On this day in 1920, February 20th, the ‘Spanish’ influenza took the life of nine-year old Jacinta Marto, as she lay alone in a hospital bed. She had suffered for weeks, including a vain attempt to alleviate her symptoms by removing two of her ribs, without proper anesthetic. The same illness had claimed her ten-year old brother, Francisco, in April of the preceding year. Both had received numerous visitations from the Blessed Virgin, along with their cousin, Lucia dos Santos, who went on to become a discalced Carmelite, dying in February of 2005.
All three of the children were irrevocably changed by what they had seen, including an image of hell, and the two siblings in particular devoted the rest of their brief lives to prayer and penance for sinners, kneeling for hours, often with their heads on the ground, regularly reciting the Rosary, and of course, devout participation in the sacraments, not least Holy Mass. Francisco was later to say of what he saw:
We were burning in that light which is God and we were not consumed. What is God like?
It is impossible to say. In fact, we will never be able to tell people
Jacinta, known for her affectionate disposition – her father called her the sweetest of his nine children – was deeply moved by what she had seen, especially in her desire to convert sinners. She asked her cousin Lucia:
Why doesn’t Our Blessed Lady show hell to sinners? If they could see it they would never commit any more sins.
The answer might be the same one Abraham gave to the rich man. Even if they saw, would they believe? And if they believed, would they repent? After all, is not every sin a small prelude of hell?
Ironically, Jacinta died without the last rites, as the hospital chaplain claimed she was in no immediate danger. So she went to God alone, as Our Lady told her she would, her soul so pure that the Almighty welcomed her without these usual sacramental means of purification. Her body was exhumed twice decades later – in 1935 and 1951 – and was found to be incorrupt, in a state of perfect preservation.

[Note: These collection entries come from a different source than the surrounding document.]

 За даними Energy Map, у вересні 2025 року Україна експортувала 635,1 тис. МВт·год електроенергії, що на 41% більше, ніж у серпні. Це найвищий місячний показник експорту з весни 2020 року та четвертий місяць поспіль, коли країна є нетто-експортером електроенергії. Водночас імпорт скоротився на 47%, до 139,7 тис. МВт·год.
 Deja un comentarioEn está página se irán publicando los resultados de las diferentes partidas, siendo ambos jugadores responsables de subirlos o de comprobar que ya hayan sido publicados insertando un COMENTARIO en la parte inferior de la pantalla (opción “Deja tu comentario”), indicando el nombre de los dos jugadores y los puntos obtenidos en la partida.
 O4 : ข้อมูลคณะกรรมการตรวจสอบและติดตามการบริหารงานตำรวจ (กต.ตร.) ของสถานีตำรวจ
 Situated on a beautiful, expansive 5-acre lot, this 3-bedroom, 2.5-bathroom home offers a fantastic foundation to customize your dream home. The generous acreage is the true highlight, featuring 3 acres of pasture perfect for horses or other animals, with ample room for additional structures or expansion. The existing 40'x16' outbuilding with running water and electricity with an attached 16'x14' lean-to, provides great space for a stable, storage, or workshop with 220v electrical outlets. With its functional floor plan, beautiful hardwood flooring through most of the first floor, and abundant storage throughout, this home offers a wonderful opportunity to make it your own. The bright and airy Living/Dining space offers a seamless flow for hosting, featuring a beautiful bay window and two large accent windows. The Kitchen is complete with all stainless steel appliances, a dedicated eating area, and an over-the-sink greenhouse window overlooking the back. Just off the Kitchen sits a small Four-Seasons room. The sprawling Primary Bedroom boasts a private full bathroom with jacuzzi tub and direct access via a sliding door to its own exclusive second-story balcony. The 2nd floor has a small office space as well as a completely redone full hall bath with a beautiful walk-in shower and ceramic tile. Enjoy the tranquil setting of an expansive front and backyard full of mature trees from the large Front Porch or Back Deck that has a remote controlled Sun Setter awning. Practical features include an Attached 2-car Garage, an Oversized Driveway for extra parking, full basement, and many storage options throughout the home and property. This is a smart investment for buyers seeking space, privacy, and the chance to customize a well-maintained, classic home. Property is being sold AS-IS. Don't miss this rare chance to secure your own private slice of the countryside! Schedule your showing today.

Their beatification was delayed for decades, as it was claimed they were too young to understand the concept of ‘heroic virtue’. Yet one might peruse Saint Thomas’ description of Confirmation, arguing that it should be given at the ‘age of discretion’, at the very dawn of reason:
As stated above, the age of the body does not affect the soul. Consequently even in childhood man can attain to the perfection of spiritual age, of which it is written (Wisdom 4:8): “Venerable old age is not that of long time, nor counted by the number of years.” And hence it is that many children, by reason of the strength of the Holy Ghost which they had received, fought bravely for Christ even to the shedding of their blood. (III. q. 72, a. 1, ad 2)

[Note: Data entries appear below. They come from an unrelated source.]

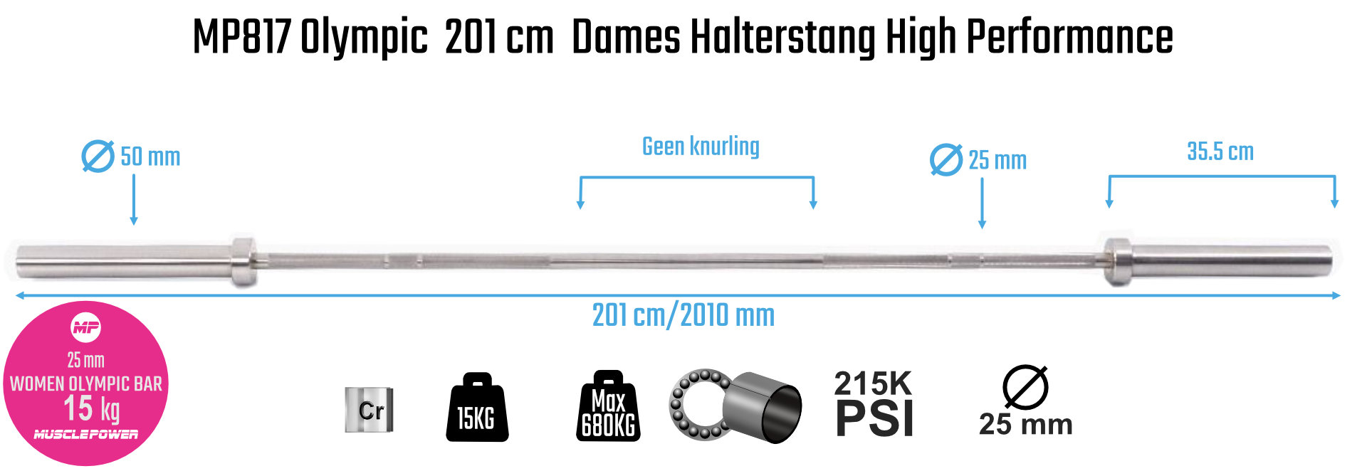 Deze halterstang is speciaal ontwikkeld voor het trainen door dames en is mulitfunctioneel. De lengte is 201 cm en weegt 15 kg. Geschikt voor gewichtheffen en powerlifting. De greep is 25 mm dik en ligt daardoor perfect in de hand, daarnaast bestaat de greep uit knurling en het middensegment is glad. De lagers bestaan uit zeer soepel draaiende needle bearing (naald) lagers en de uiteinden zijn afgesloten met metalen kapjes.
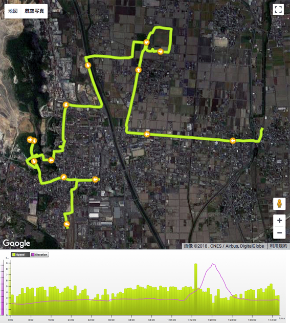 これだけだと8kmのはずですが,最寄りの名鉄牛田駅をスタート,前後駅をゴールとしたのと,いつものことながらの寄り道で,結局15.3 kmの散歩となりました.久しぶりに良く歩きました.
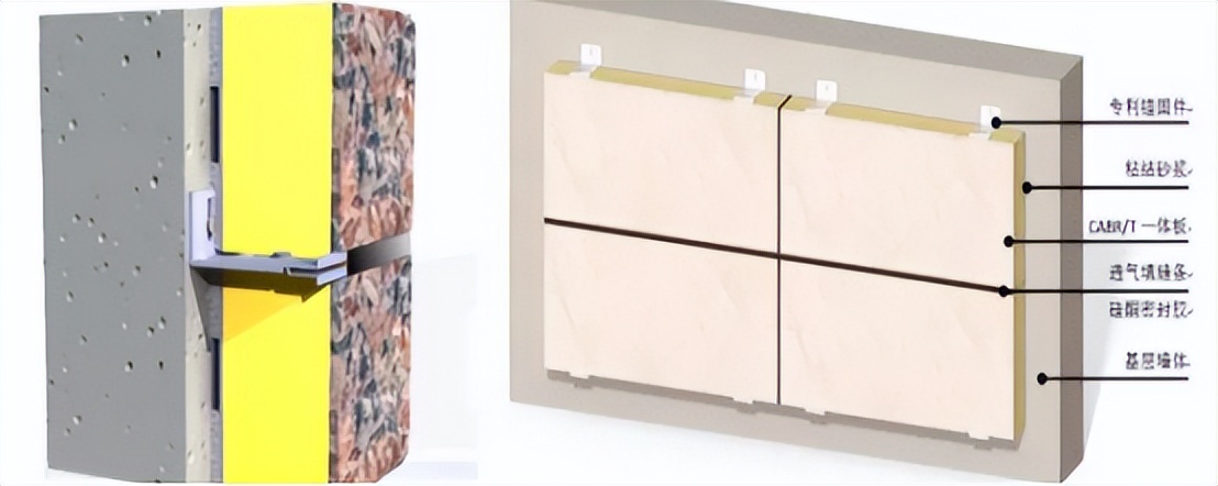 薄陶瓷一體板通過專用粘結(jié)材料,并利用專用錨固件,采用粘錨結(jié)合的方式固定于基層墻體,最終構(gòu)筑具有輕質(zhì)、裝飾、保溫、隔熱、防水、防火、系統(tǒng)安全可靠、施工方便、經(jīng)濟適用等特點的圍護結(jié)構(gòu)保溫系統(tǒng)。
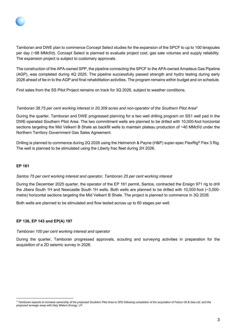 3 Tamboran and DWE plan to commence Concept Select studies for the expansion of the SPCF to up to 100 terajoules per day (~98 MMcf/d). Concept Select is planned to evaluate project cost, gas sale volumes and supply reliability. The expansion project is subject to customary approvals. The construction of the APA-owned SPP, the pipeline connecting the SPCF to the APA-owned Amadeus Gas Pipeline (AGP), was completed during 4Q 2025. The pipeline successfully passed strength and hydro testing during early 2026 ahead of tie-in to the AGP and final rehabilitation activities. The program remains within budget and on schedule. First sales from the SS Pilot Project remains on track for 3Q 2026, subject to weather conditions. Tamboran 38.75 per cent working interest in 20,309 acres and non-operator of the Southern Pilot Area2 During the quarter, Tamboran and DWE progressed planning for a two well drilling program on SS1 well pad in the DWE-operated Southern Pilot Area. The two commitment wells are planned to be drilled with 10,000-foot horizontal sections targeting the Mid Velkerri B Shale as backfill wells to maintain plateau production of ~40 MMcf/d under the Northern Territory Government Gas Sales Agreement. Drilling is planned to commence during 2Q 2026 using the Helmerich & Payne (H&P) super-spec FlexRig® Flex 3 Rig. The well is planned to be stimulated using the Liberty frac fleet during 2H 2026. EP 161 Santos 75 per cent working interest and operator, Tamboran 25 per cent working interest During the December 2025 quarter, the operator of the EP 161 permit, Santos, contracted the Ensign 971 rig to drill the Jibera South 1H and Newcastle South 1H wells. Both wells are planned to be drilled with 10,000-foot (~3,000- metre) horizontal sections targeting the Mid Velkerri B Shale. The project is planned to commence in 3Q 2026. Both wells are planned to be stimulated and flow tested across up to 60 stages per well. EP 136, EP 143 and EP(A) 197 Tamboran 100 per cent working interest and operator During the quarter, Tamboran progressed approvals, scouting and surveying activities in preparation for the acquisition of a 2D seismic survey in 2026. 2 Tamboran expects to increase ownership of the proposed Southern Pilot Area to 50% following completion of the acquisition of Falcon Oil & Gas Ltd. and the proposed acreage swap with Daly Waters Energy, LP.
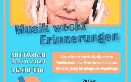 Erfahrt mehr über ein innovatives App-basiertes Musikprojekt für die häusliche Pflege und lasst Euch von Entlastungsangeboten wie „Offenes Ohr“ inspirieren. Die Veranstaltung richtet sich an pflegende Angehörige, Fachkräfte und alle Interessierten. Organisiert von der Selbsthilfegruppe Demenz Rudolstadt.
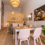 Con una terraza y una zona de estar, este establecimiento cuenta con ventanas insonorizadas, así como un sofá. Los huéspedes pueden disfrutar de servicios multimedia como TV y TV de pantalla plana con canales vía satélite, además de climatizador para su comodidad. Disfruta de la comodidad del baño de este apartamento, equipado con secador de pelo y toallas de baño. También dispone de una ducha a ras de suelo y un inodoro separado de la ducha.
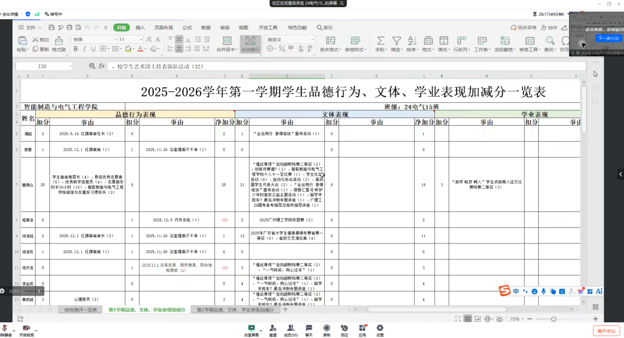 随后,梁泽信同学和巫文峰同学结合《公司2025员工手册》及综测实施办法,围绕品德行为表现、学业表现、文体表现三大核心模块,逐项解读评分标准、加分规则与计分逻辑。同时,针对综测填报、材料审核、分数核算等环节的常见误区、易错点与注意事项进行细致说明,提醒班委规范流程、细致核对,避免漏报、错报、重复计分等问题。

They both covered a long spiritual distance in a very short time, which should give us who have been given much more time, and covered far less distance, pause for some deep reflection – not least as we soon begin our Lenten pilgrimage.
Jacinta and Francisco were beatified by Pope Saint John Paul II on May 13th, who had a great devotion to Our Lady of Fatima, in the Jubilee Year 2000, and he said of them:
Father, to You I offer praise, for you have revealed these things to the merest children. Today Jesus’ praise takes the solemn form of the beatification of the little shepherds, Francisco and Jacinta. With this rite the Church wishes to put on the candlelabrum these two candles which God lit to illumine humanity in its dark and anxious hours. …Father, to You I offer praise for all Your children, from the Virgin Mary, Your humble Servant, to the little shepherds, Francisco and Jacinta. May the message of their lives live on forever to light humanity’s way
They were canonized by Pope Francis, also on May 13th, in 2017, the hundredth anniversary of the first apparition. They are the youngest non-martyr saints in the history of the Church, with Saint Jacinta being the youngest.
Just so, she said many wise things during her brief life, which she heard from Our Lady (the Seat of Wisdom!), from which we who are older and more ‘educated’, could learn:
- “Souls go to hell because of sins of impurity more than any other.”
- “War is a punishment from God for sins.”
- “Certain fashions are going to be introduced that will offend Our Lord very greatly and those who serve God should not follow them.”
- “Many marriages are not good, they are not pleasing to our Lord and are not of God.”
- “Priests must be very pure and concentrate on their mission to the Church and souls, and be obedient to the Pope and their Superiors.”
- “My dear mother, run away from riches. Cherish silence and holy poverty. Always be charitable, even with those who are unkind. Never criticize others and avoid those who do.”
What joy and peace we could all find in such sanctity! And, to paraphrase the devil’s own confession to Saint Jean Vianney, how our fractious and fractured world could be changed for the better, if there were but a few more ‘little’ saints as Jacinta and Francisco.